### Task prompt
An exact restatement of all the data is required, with the pictures left out.

### Recorded information

◇ ◇ ◇ ◇ ◇

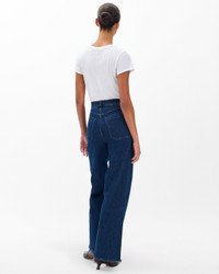 The Hadley. Our high-rise, figure-flattering jean with trouser details and a sculpted leg that gradually widens. Crafted from our Flexi denim that smooths, sculpts, and stretches for a perfect fit anytime, anywhere. In Lulu, a dark indigo wash. Size & Fit • High-rise • Full length • Gradually wide leg • Fits true to size • Size 26: 11.5" rise, 32" inseam, 22.5" leg opening • Model is 5'9" wearing size 24 Features & Details • 92% cotton, 6% polyester, 2% elastane • Flexi Denim in Lulu, a dark indigo wash • Machine wash cold inside out on delicate & lay flat to dry • Color may transfer • Zip fly with a signature dagger button closure • Signature rivets • Coin pocket, back patch pockets • Imported Product ID: RJ2025F1XLU
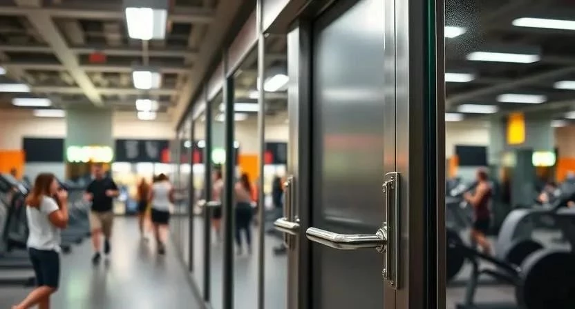 Выбор типа дверей зависит от их назначения и расположения. Для раздевалок часто используют L-образные двери или двери с двумя дверцами, что обеспечивает удобство и экономию места. Эвакуационные двери должны соответствовать строгим требованиям по пожарной безопасности и иметь панорамные стекла для визуального контроля. Двери для технических помещений должны быть надежными и обеспечивать защиту от несанкционированного доступа. Входные двери должны быть презентабельными и обеспечивать тепло- и звукоизоляцию. Вспомню, как однажды в старом фитнес-клубе, где я занимался, входные двери постоянно хлопали из-за сквозняков, что создавало дискомфорт для посетителей.
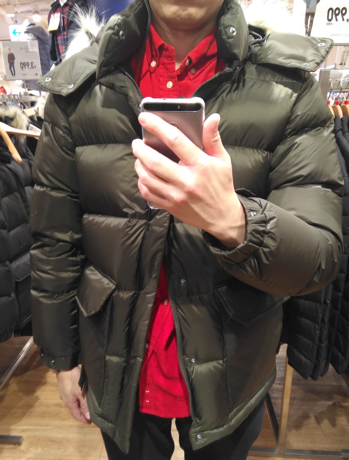 そういや今年のダウンはまだ着たことがなかったことに気付いたので試着してみました。生地の光沢感と色があまり良くないですね。着用したオリーブが唯一良さげな感じでした。

◇ ◇ ◇ ◇ ◇

### Answer to this problem
 The Hadley. Our high-rise, figure-flattering jean with trouser details and a sculpted leg that gradually widens. Crafted from our Flexi denim that smooths, sculpts, and stretches for a perfect fit anytime, anywhere. In Lulu, a dark indigo wash. Size & Fit • High-rise • Full length • Gradually wide leg • Fits true to size • Size 26: 11.5" rise, 32" inseam, 22.5" leg opening • Model is 5'9" wearing size 24 Features & Details • 92% cotton, 6% polyester, 2% elastane • Flexi Denim in Lulu, a dark indigo wash • Machine wash cold inside out on delicate & lay flat to dry • Color may transfer • Zip fly with a signature dagger button closure • Signature rivets • Coin pocket, back patch pockets • Imported Product ID: RJ2025F1XLU
 Выбор типа дверей зависит от их назначения и расположения. Для раздевалок часто используют L-образные двери или двери с двумя дверцами, что обеспечивает удобство и экономию места. Эвакуационные двери должны соответствовать строгим требованиям по пожарной безопасности и иметь панорамные стекла для визуального контроля. Двери для технических помещений должны быть надежными и обеспечивать защиту от несанкционированного доступа. Входные двери должны быть презентабельными и обеспечивать тепло- и звукоизоляцию. Вспомню, как однажды в старом фитнес-клубе, где я занимался, входные двери постоянно хлопали из-за сквозняков, что создавало дискомфорт для посетителей.
 そういや今年のダウンはまだ着たことがなかったことに気付いたので試着してみました。生地の光沢感と色があまり良くないですね。着用したオリーブが唯一良さげな感じでした。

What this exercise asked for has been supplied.